You make your way into an office. A solid, ornately carved wooden desk guards a plush leather chair. Atop the desk, papers still lay strewn, as though the person who put them there expected to come back only moments later. A fountain pen lay across the pages, ink having long since dried from the pen.

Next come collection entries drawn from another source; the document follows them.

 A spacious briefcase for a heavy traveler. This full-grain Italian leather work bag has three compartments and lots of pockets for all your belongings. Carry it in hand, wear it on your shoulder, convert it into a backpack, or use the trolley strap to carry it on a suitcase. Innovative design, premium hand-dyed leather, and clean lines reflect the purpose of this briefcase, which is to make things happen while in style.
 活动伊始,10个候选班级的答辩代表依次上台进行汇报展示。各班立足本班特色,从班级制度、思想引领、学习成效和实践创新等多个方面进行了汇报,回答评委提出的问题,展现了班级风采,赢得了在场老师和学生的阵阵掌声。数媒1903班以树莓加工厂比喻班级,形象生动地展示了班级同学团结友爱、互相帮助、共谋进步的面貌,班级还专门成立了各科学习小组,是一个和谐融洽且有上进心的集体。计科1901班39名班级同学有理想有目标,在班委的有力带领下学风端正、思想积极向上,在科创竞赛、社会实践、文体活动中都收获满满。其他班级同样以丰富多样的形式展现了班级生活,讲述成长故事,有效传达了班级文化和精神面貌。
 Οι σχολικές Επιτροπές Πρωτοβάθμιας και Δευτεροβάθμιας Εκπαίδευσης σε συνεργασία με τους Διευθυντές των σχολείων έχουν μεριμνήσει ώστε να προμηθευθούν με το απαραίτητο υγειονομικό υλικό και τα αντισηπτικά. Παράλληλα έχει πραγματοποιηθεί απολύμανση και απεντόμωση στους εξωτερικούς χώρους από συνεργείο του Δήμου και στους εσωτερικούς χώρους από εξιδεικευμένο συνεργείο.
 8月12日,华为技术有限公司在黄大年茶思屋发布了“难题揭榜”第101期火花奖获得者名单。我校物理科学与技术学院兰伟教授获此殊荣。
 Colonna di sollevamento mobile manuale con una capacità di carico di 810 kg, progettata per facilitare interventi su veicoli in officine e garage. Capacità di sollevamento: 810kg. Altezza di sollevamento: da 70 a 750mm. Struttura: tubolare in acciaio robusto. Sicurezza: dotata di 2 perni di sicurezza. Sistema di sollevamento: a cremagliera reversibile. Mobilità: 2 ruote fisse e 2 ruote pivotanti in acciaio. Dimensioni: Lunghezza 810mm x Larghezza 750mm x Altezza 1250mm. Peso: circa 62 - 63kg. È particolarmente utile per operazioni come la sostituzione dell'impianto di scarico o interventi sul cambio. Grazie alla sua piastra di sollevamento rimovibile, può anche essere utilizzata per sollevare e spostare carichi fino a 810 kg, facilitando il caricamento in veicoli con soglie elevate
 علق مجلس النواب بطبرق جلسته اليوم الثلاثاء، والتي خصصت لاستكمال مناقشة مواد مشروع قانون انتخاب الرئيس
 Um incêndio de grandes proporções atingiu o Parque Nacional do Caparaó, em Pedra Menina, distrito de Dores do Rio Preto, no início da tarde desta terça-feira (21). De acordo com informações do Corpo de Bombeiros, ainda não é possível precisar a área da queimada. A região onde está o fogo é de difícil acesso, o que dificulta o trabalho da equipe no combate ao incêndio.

After briefly flicking though the papers on the desk, you find it includes doctors notes for several patients. You piece together some data from the patients into a more cohesive table:
| name | dob | rx 1 date | rx 1 name | rx 2 date | treat 2 name |
|---|---|---|---|---|---|
| Dudley, Hanch | 1000-12-40 | 2010-03-09 | metalinoclax | 2010-12-19 | halibraethe |
| Truck, Mike | 2004-10-10 | 2016-07-19 | glibosimet | NA | |
| Dugnut, Bobson | 1445-09-13 | 2018-09-03 | NA | NA | |
| McDichael, Sleve | 2007-01-13 | 2022-10-30 | quxitomab | 2024-01-13 | halibraethe |
Are these data tidy?
→ ROOM 5
You make your way back down to the fireplace, the air warm and admixed with the crackle of firewood and a recently deceased ladder. As you drift to sleep in a nest made of stolen bedding (steeling your mind for tomorrow's journey), you wonder a final question:
If any of these data were not tidy, what would they look like tidy?